Polymorphism in the insulin-like growth factor 1 gene is associated with age at menarche in caucasian females

The Key Laboratory of Biomedical Information Engineering, Ministry of Education and Institute of Molecular Genetics, School of Life Science and Technology, Xi'an Jiaotong University, Xi'an 710049, People's Republic of China.
Human Reproduction (Impact Factor: 4.57). 07/2007; 22(6):1789-94. DOI: 10.1093/humrep/dem052
Source: PubMed


The insulin-like growth factor 1 (IGF1) gene, which plays a crucial role in hypothalamic-pituitary-ovarian hormone-controlled metabolic processes, may influence the onset of menarche. Our study aimed to test association between IGF1 polymorphisms with the variation of age at menarche (AAM) in Caucasian females.

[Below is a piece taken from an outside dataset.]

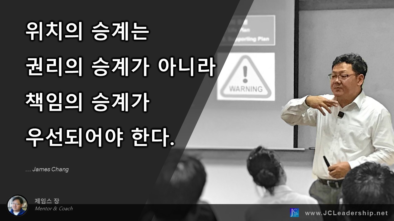 위치의 승계는 책임의 승계가 우선되어져야 한다. 어떤 위치이던 그 정해진 위치에는 감당해야 하는 책임이 존재한다. 그리고 그 책임을 감당할 수 있는 리더가 그 위치에 있을 때 조직의 구성원은 행복할 수 있으며 조직의 미래는 밝다고 말할 수 있다. 그렇기에 위치의 승계에서 책임의 승계가 우선되어져야 한다는 것은 구성원의 미래는 물론이요 조직의 미래에 너무도 중요한 요소가 된다.
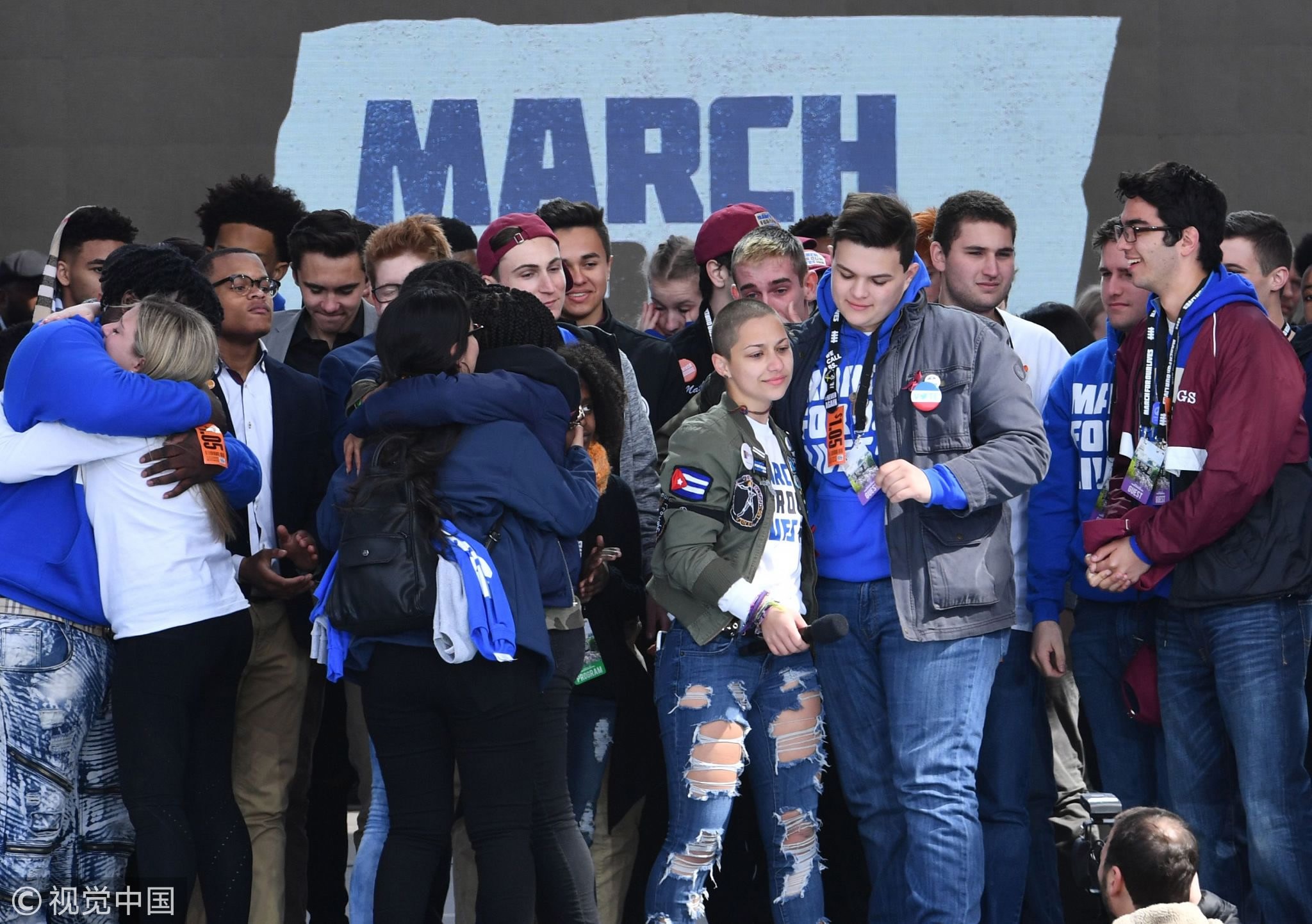 Marjory Stoneman Douglas High School student Emma Gonzalez (C) gathers with other students on stage during the "March for Our Lives" Rally in Washington, DC on March 24, 2018. /VCG Photo

We recruited a sample of 1048 females from 354 Caucasian nuclear families and genotyped 19 single-nucleotide polymorphisms (SNPs) spanning the entire IGF1 gene. Pairwise linkage disequilibrium among SNPs was measured, and the haplotype blocks were inferred. Both single SNP markers and haplotypes were tested for association with AAM using the quantitative transmission disequilibrium test.
Significant association (P = 0.0153) between AAM and SNP3 (rs6214) in block1 was detected.
Our results suggested a potential effect of SNP3 in the IGF1 gene on AAM variation in Caucasian women for the first time. However, further independent studies are needed to confirm our findings.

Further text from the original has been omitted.